_Information shown_.
________

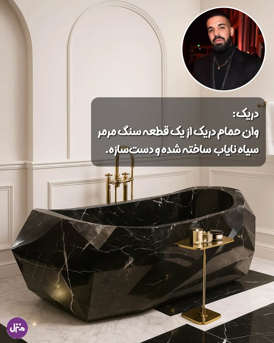اما دریک با وان مرمر سیاه خود رکورد خاصپسندی را شکسته! این وان از سنگ مرمر سیاه کمیاب ساخته شده و گفته میشود خودش ۴۰۰ هزار دلار (حدود ۴۲ میلیارد تومان) برای آن پرداخت کرده و حتی تراش آن بهصورت دستی توسط هنرمندان خاص انجام شده است.
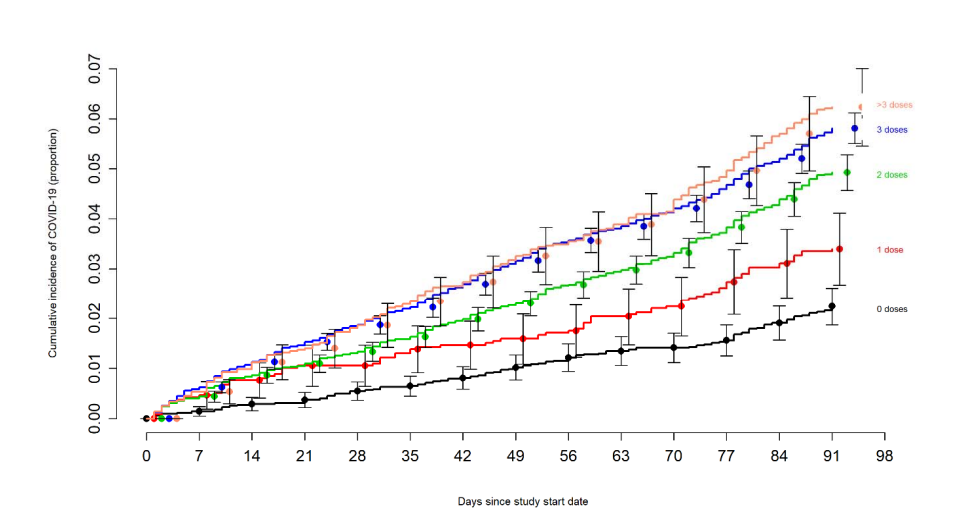 Businessman and mathematician Igor Chudov, reporting here on the NSW findings, acknowledges that the figures will be skewed by differences in how many people have had the different number of shots. After adjusting for those differences, however, he finds that the four-times-jabbed have a four times increased risk of hospitalisation compared with those who had two shots.
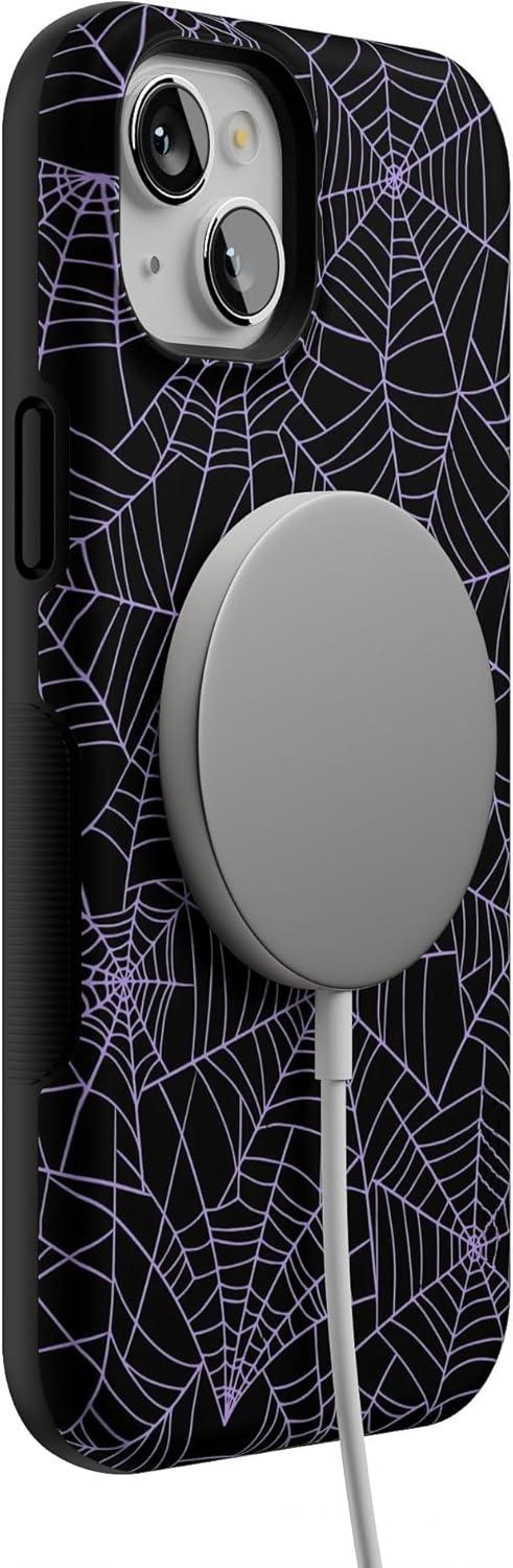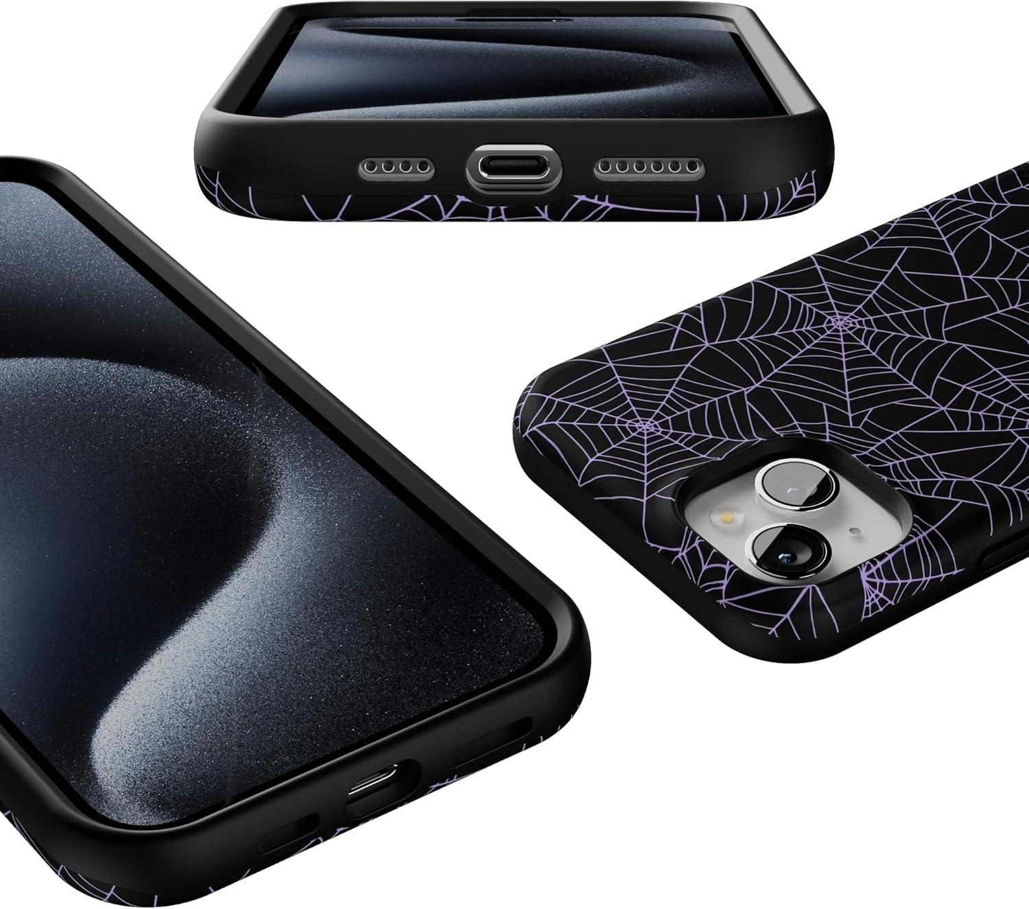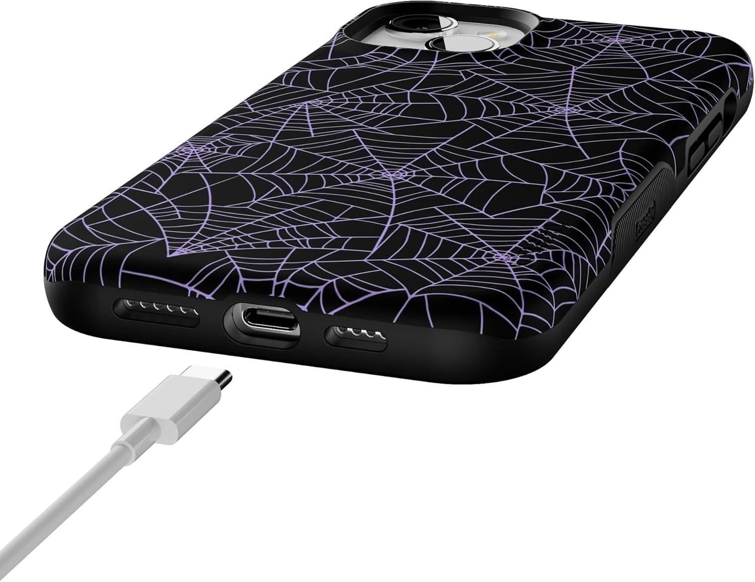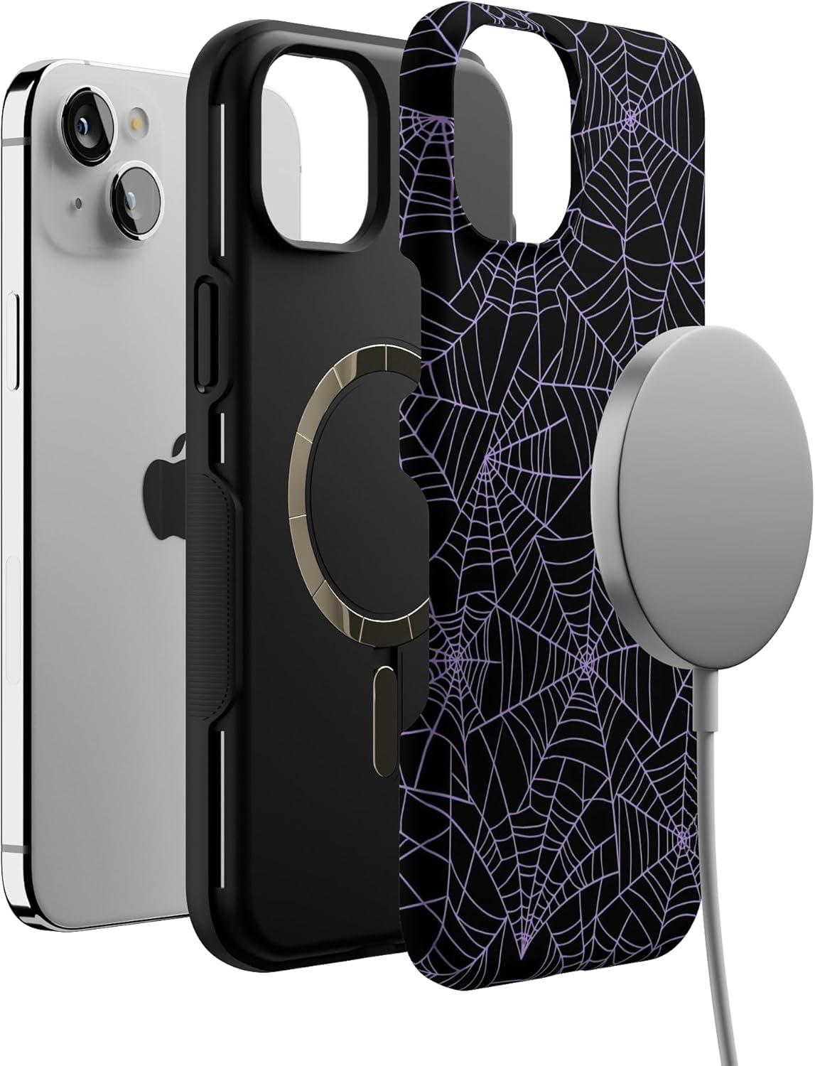 Casely iPhone 15 Plus Case | Navy Floral | Full Bloom | Bold Protective Design | Compatible with MagSafe(Midnight Web | Spider Web)

________

Would you restate word for word only the lines from the line with "Businessman and mathematician" to the last line above, with the pictures left out?

 Businessman and mathematician Igor Chudov, reporting here on the NSW findings, acknowledges that the figures will be skewed by differences in how many people have had the different number of shots. After adjusting for those differences, however, he finds that the four-times-jabbed have a four times increased risk of hospitalisation compared with those who had two shots.
 Casely iPhone 15 Plus Case | Navy Floral | Full Bloom | Bold Protective Design | Compatible with MagSafe(Midnight Web | Spider Web)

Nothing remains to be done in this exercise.